The story of a customer who was denied warranty repair of his foldable has made noise: what happened and why it's not good news
Samsung would have found a clever (but also attackable) method to avoid warranty repair claims on which the company has no responsibility.
In short, Seoul would like to cut all those costs incurred so far related to non-legitimate requests from customers, but what's causing discussion on the web is the way found to do it.
In Korea, right there where Samsung has its roots, has received a major media echo the case of a customer who saw the display of his brand new foldable smartphone suddenly stop working. Nothing surprising: it shouldn't, but it can happen. The real annoyance the consumer felt when the company's assistance wanted to deny him free warranty service because of the falls suffered by the smartphone, whose connection with the "death" of the display may be there but is still to be proved. The customer got off lightly, but the fact opens up uncomfortable prospects for other Samsung customers.
The "sentinel" sensors of Z Flip3
For companies, the game of profits is also and above all played on costs. Reducing them as much as possible is the imperative, even if it means displeasing some customers, as the Korean media reported. In the place where Samsung's headquarters are located, the case of a customer whose display of his new Galaxy Z Flip3 stopped working made the headlines.
When he went to the service center to request warranty work, the unsuspecting customer discovered that the company now saves the stresses recorded by the accelerometers in the smartphone's memory, so that he can check at the right time (as in the case of warranty work) if the smartphone has previously fallen and how many times it has done so.
The Korean customer's Galaxy Z Flip3 had tasted the floor three times before the display abandoned it, so Samsung's technicians objected to the free repair, pointing to the company's new regulations.
The case, however, was resolved in a positive way because the smartphone was in the first 14 days of life in which the right of withdrawal applies, so it still received the free repair, but this could represent a heavy precedent towards those who own a Galaxy Z Flip3 but also a Z Fold3, for which Samsung probably arranged the same kind of solution.

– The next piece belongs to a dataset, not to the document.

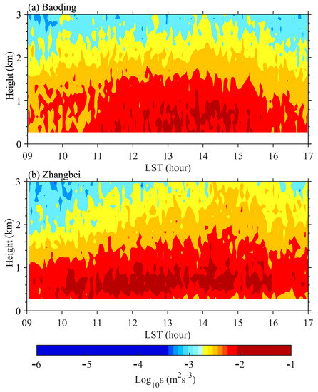 The ε exhibits significant dependence on height during the daytime over the two stations. A pronounced spatial gradient can be observed, decreasing gradually from the ground surface up to 3 km AGL. Most of the ε values within the 3 km at Baoding varied from to , which are consistent with those reported for the similar lower tropospheric region in other cities [3,39]. By comparison, a much stronger ε was observed at Zhangbei, most of which varied from to on average within 1 km AGL. This phenomenon begins at 1000 LST and lasts until 1600 LST. This suggests that the turbulent activity in the PBL at the plateau station is obviously stronger than that in the plain station. More intense turbulence found in the PBL over the plateau station could be likely due to the mountain wave breaking over complex terrain at Zhangbei [42,43,44,45].

The possible implications for the future
Or at least that's what the Korean media is claiming almost in chorus, and now the fear could extend to all of Samsung's other smartphones as well. All have one or more accelerometers, so if Samsung after this "experiment" on the two new foldable decides to do the same on all other Galaxy smartphones, then in the future a fall could be enough to be denied a warranty repair.
It is clear that if the intervention is required for a product with a spider web fracture on the display, it is understandable that Samsung wants to somehow check if the cracks have formed due to a manufacturing defect or due to careless use by the customer. But the hope is that it doesn't become an excuse to deny expensive repairs for which the customer bears no responsibility.